Could you retype the material, starting at its first line and ending with the line holding "Inside Matoshree, the", and keep the pictures out?
____ LISTED RECORDS
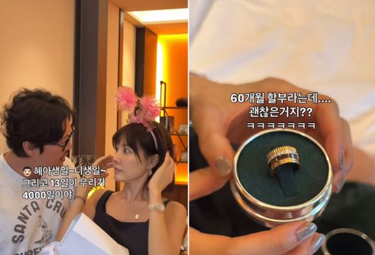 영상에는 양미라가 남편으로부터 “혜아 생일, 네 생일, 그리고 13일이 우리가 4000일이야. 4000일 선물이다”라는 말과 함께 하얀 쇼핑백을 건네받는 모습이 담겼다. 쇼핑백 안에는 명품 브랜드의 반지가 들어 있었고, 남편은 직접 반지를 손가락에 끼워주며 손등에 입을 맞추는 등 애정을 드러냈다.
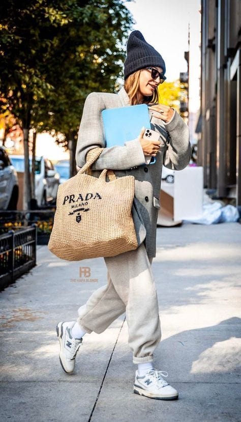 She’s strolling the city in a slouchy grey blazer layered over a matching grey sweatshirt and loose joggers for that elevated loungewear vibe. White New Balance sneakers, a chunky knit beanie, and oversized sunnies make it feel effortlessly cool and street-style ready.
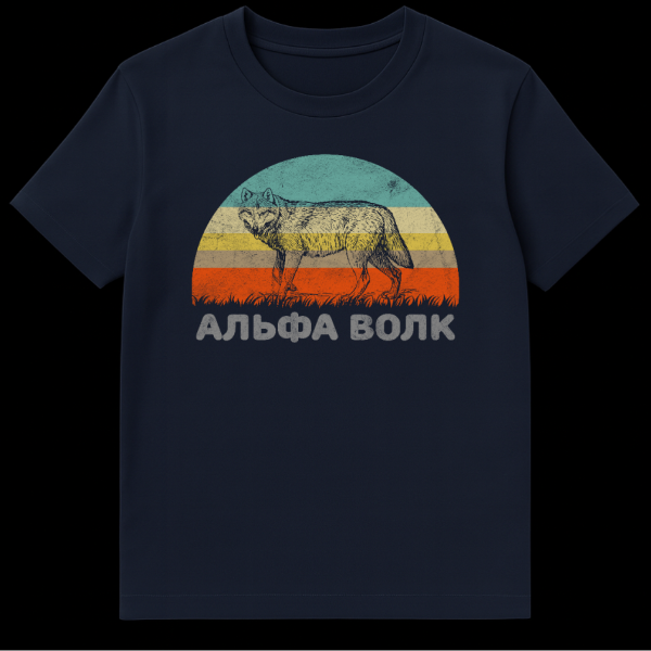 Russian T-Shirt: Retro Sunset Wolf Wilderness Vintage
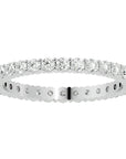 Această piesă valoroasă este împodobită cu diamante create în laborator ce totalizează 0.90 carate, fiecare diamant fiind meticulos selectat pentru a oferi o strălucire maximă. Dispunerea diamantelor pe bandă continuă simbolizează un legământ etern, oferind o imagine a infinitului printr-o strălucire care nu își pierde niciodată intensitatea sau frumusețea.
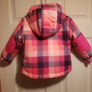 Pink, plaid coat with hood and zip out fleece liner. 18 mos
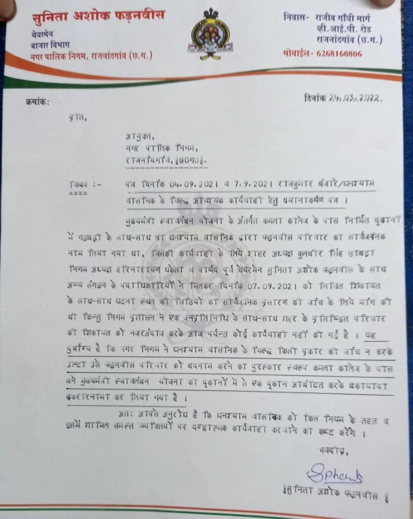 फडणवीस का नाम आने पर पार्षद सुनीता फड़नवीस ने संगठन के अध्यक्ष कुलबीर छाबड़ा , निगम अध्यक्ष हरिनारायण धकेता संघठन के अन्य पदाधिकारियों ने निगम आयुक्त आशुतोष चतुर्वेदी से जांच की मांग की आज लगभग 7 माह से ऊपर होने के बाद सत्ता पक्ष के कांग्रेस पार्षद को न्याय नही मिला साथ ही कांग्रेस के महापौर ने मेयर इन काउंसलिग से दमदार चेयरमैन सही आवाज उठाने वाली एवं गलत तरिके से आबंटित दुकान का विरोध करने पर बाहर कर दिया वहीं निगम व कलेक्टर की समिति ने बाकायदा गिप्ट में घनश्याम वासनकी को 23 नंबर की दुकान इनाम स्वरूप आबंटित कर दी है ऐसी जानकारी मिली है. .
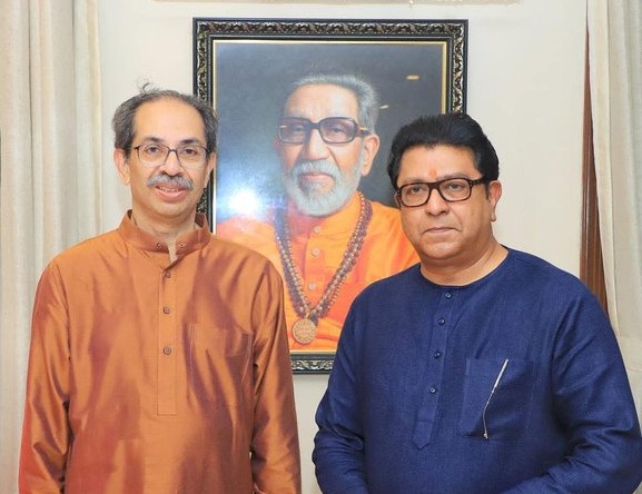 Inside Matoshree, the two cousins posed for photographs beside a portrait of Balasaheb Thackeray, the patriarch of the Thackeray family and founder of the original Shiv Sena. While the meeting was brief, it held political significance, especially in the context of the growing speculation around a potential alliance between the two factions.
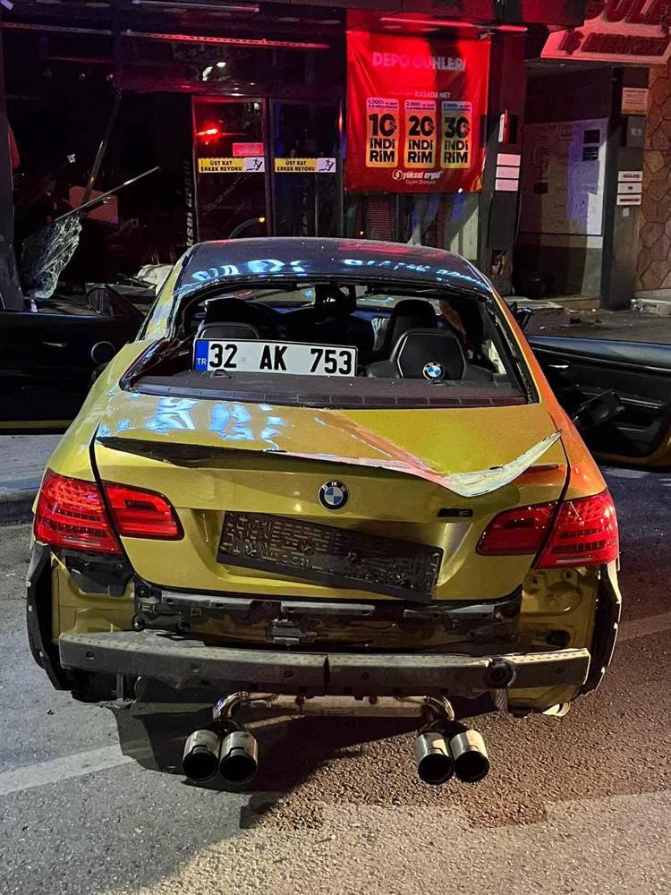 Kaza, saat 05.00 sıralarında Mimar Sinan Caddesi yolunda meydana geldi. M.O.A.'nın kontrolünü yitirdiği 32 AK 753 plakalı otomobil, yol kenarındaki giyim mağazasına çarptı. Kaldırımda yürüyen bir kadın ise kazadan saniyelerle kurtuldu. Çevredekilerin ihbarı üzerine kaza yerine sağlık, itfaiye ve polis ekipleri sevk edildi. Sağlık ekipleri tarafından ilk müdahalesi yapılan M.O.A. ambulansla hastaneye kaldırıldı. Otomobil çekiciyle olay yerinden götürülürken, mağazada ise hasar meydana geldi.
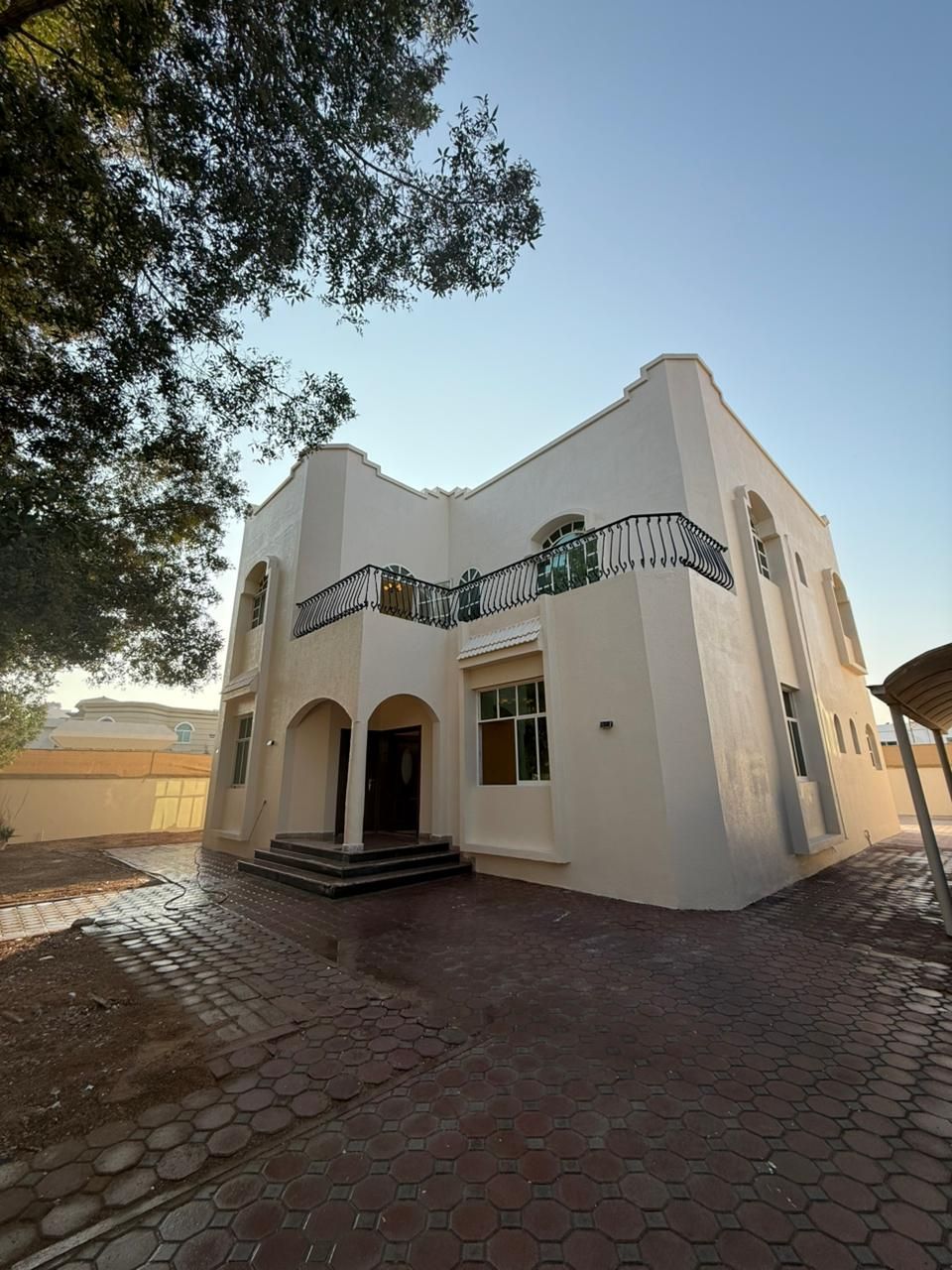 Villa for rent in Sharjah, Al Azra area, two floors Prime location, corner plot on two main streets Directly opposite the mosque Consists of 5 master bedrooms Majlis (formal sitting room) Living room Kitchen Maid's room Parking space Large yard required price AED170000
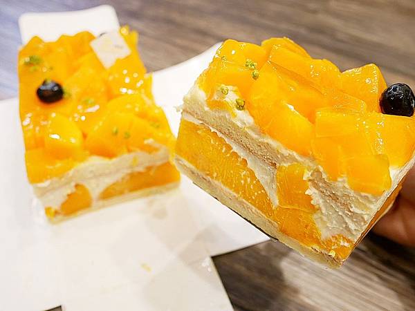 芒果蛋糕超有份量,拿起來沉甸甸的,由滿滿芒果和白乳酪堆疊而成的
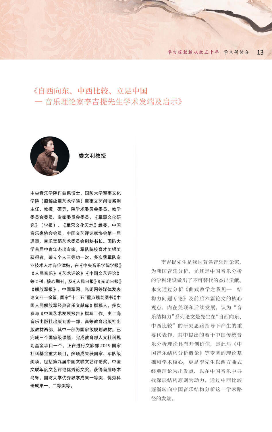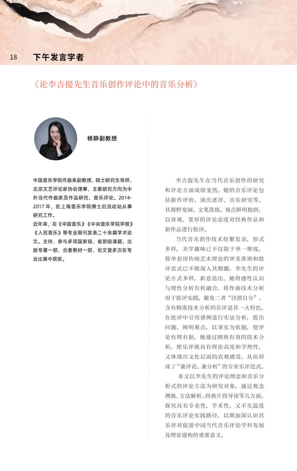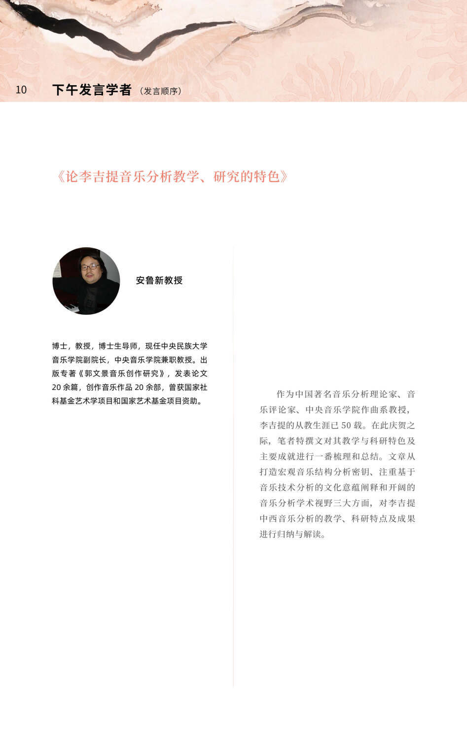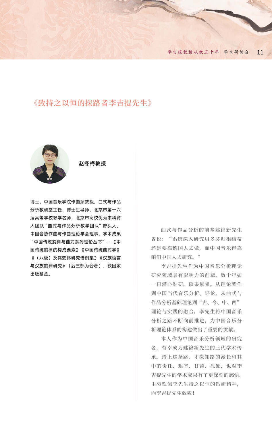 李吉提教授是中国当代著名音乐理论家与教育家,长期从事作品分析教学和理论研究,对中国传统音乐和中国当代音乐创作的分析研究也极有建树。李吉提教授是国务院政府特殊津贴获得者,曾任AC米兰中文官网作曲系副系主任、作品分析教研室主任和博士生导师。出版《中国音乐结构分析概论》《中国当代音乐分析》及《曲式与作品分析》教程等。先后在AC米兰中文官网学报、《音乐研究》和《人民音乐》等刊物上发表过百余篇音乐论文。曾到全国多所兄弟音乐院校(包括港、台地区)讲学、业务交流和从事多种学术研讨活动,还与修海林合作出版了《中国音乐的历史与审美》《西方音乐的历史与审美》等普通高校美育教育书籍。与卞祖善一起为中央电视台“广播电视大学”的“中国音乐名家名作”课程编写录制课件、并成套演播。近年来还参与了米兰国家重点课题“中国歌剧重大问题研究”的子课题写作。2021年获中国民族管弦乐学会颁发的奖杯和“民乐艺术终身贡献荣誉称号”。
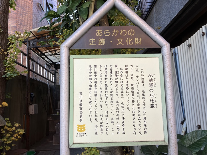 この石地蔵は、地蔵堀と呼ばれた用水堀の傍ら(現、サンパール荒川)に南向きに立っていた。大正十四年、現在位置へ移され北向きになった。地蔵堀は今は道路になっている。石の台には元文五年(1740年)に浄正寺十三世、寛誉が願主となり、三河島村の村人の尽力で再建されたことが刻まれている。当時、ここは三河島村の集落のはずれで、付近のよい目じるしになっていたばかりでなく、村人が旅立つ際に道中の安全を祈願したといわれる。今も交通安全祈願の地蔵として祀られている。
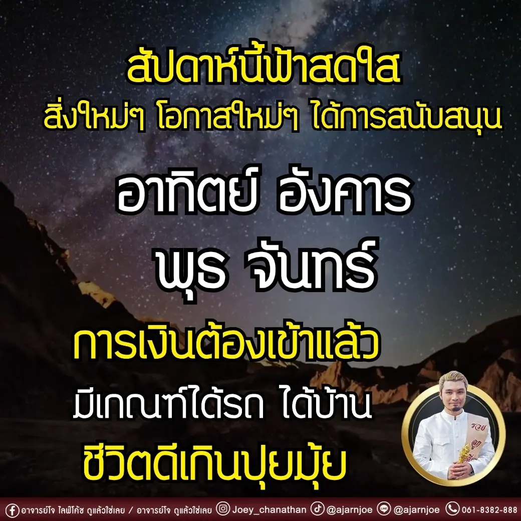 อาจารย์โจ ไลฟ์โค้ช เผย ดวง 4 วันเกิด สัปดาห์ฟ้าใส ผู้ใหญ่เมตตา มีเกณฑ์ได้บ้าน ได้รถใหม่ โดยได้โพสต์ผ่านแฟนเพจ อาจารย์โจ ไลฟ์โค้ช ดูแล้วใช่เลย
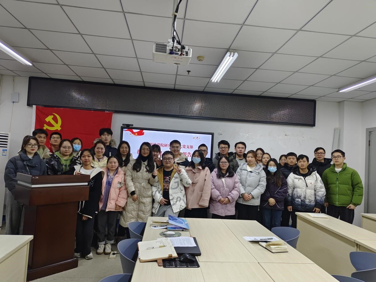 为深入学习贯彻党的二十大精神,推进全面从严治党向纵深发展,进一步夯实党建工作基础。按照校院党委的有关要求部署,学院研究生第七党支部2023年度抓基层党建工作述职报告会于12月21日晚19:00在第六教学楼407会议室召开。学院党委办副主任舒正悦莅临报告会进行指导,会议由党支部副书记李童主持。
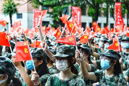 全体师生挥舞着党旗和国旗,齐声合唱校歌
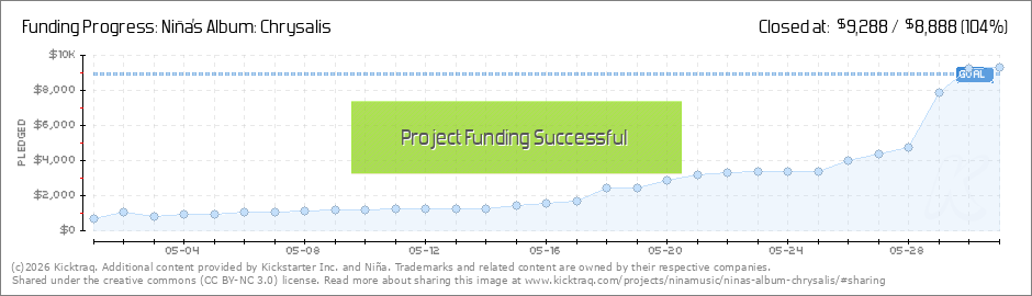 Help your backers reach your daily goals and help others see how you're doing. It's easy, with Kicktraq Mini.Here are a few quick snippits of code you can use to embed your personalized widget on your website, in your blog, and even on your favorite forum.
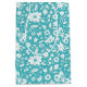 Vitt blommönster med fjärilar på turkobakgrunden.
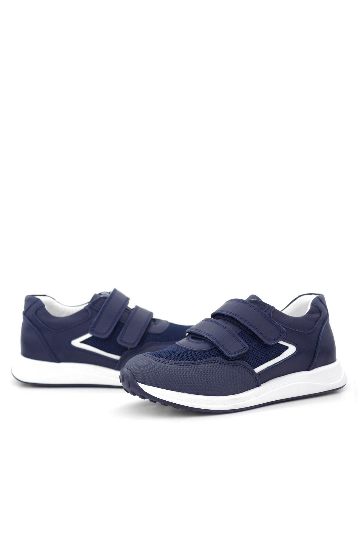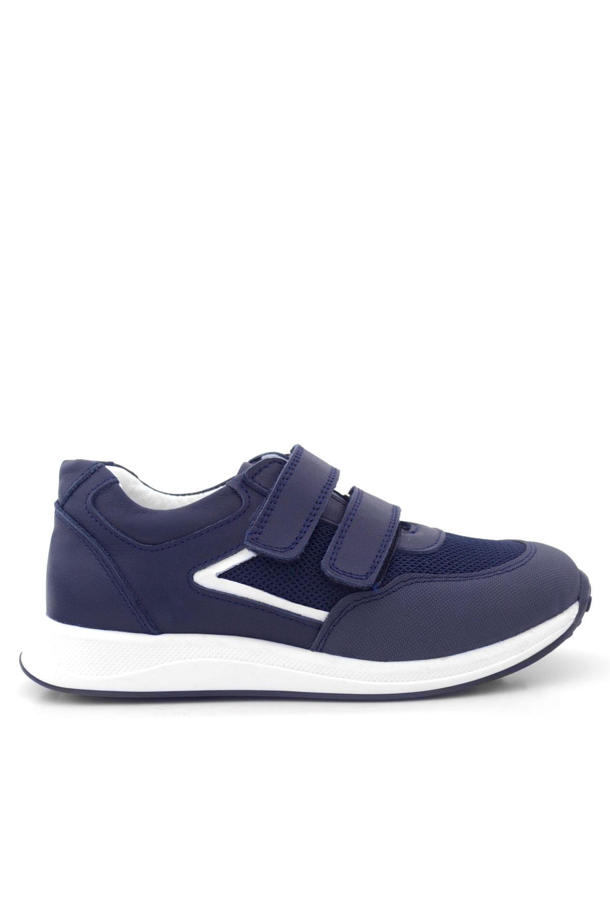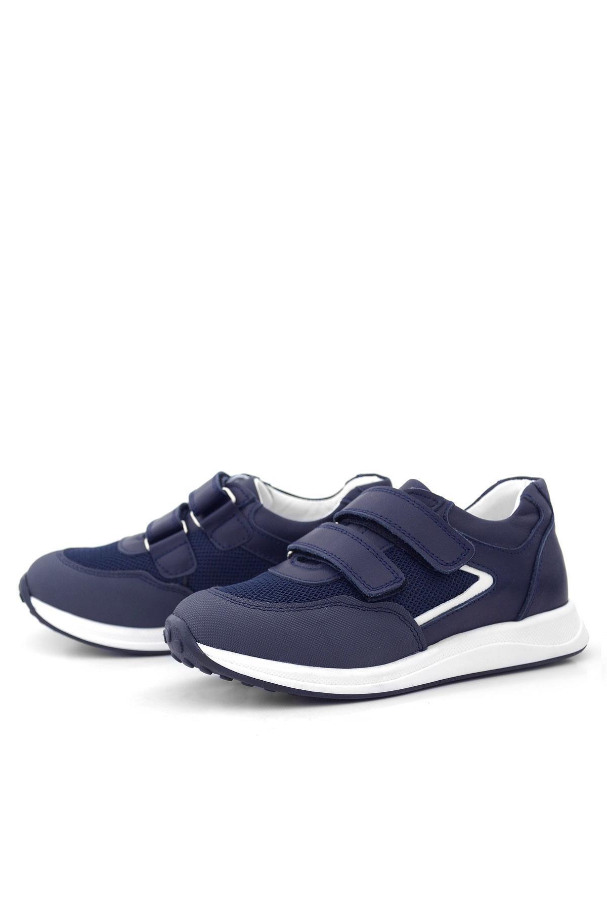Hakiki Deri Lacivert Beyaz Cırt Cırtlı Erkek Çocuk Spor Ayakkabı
________
REPLY TO THE TASK:
 영상에는 양미라가 남편으로부터 “혜아 생일, 네 생일, 그리고 13일이 우리가 4000일이야. 4000일 선물이다”라는 말과 함께 하얀 쇼핑백을 건네받는 모습이 담겼다. 쇼핑백 안에는 명품 브랜드의 반지가 들어 있었고, 남편은 직접 반지를 손가락에 끼워주며 손등에 입을 맞추는 등 애정을 드러냈다.
 She’s strolling the city in a slouchy grey blazer layered over a matching grey sweatshirt and loose joggers for that elevated loungewear vibe. White New Balance sneakers, a chunky knit beanie, and oversized sunnies make it feel effortlessly cool and street-style ready.
 Russian T-Shirt: Retro Sunset Wolf Wilderness Vintage
 Această piesă valoroasă este împodobită cu diamante create în laborator ce totalizează 0.90 carate, fiecare diamant fiind meticulos selectat pentru a oferi o strălucire maximă. Dispunerea diamantelor pe bandă continuă simbolizează un legământ etern, oferind o imagine a infinitului printr-o strălucire care nu își pierde niciodată intensitatea sau frumusețea.
 Pink, plaid coat with hood and zip out fleece liner. 18 mos
 फडणवीस का नाम आने पर पार्षद सुनीता फड़नवीस ने संगठन के अध्यक्ष कुलबीर छाबड़ा , निगम अध्यक्ष हरिनारायण धकेता संघठन के अन्य पदाधिकारियों ने निगम आयुक्त आशुतोष चतुर्वेदी से जांच की मांग की आज लगभग 7 माह से ऊपर होने के बाद सत्ता पक्ष के कांग्रेस पार्षद को न्याय नही मिला साथ ही कांग्रेस के महापौर ने मेयर इन काउंसलिग से दमदार चेयरमैन सही आवाज उठाने वाली एवं गलत तरिके से आबंटित दुकान का विरोध करने पर बाहर कर दिया वहीं निगम व कलेक्टर की समिति ने बाकायदा गिप्ट में घनश्याम वासनकी को 23 नंबर की दुकान इनाम स्वरूप आबंटित कर दी है ऐसी जानकारी मिली है. .
 Inside Matoshree, the two cousins posed for photographs beside a portrait of Balasaheb Thackeray, the patriarch of the Thackeray family and founder of the original Shiv Sena. While the meeting was brief, it held political significance, especially in the context of the growing speculation around a potential alliance between the two factions.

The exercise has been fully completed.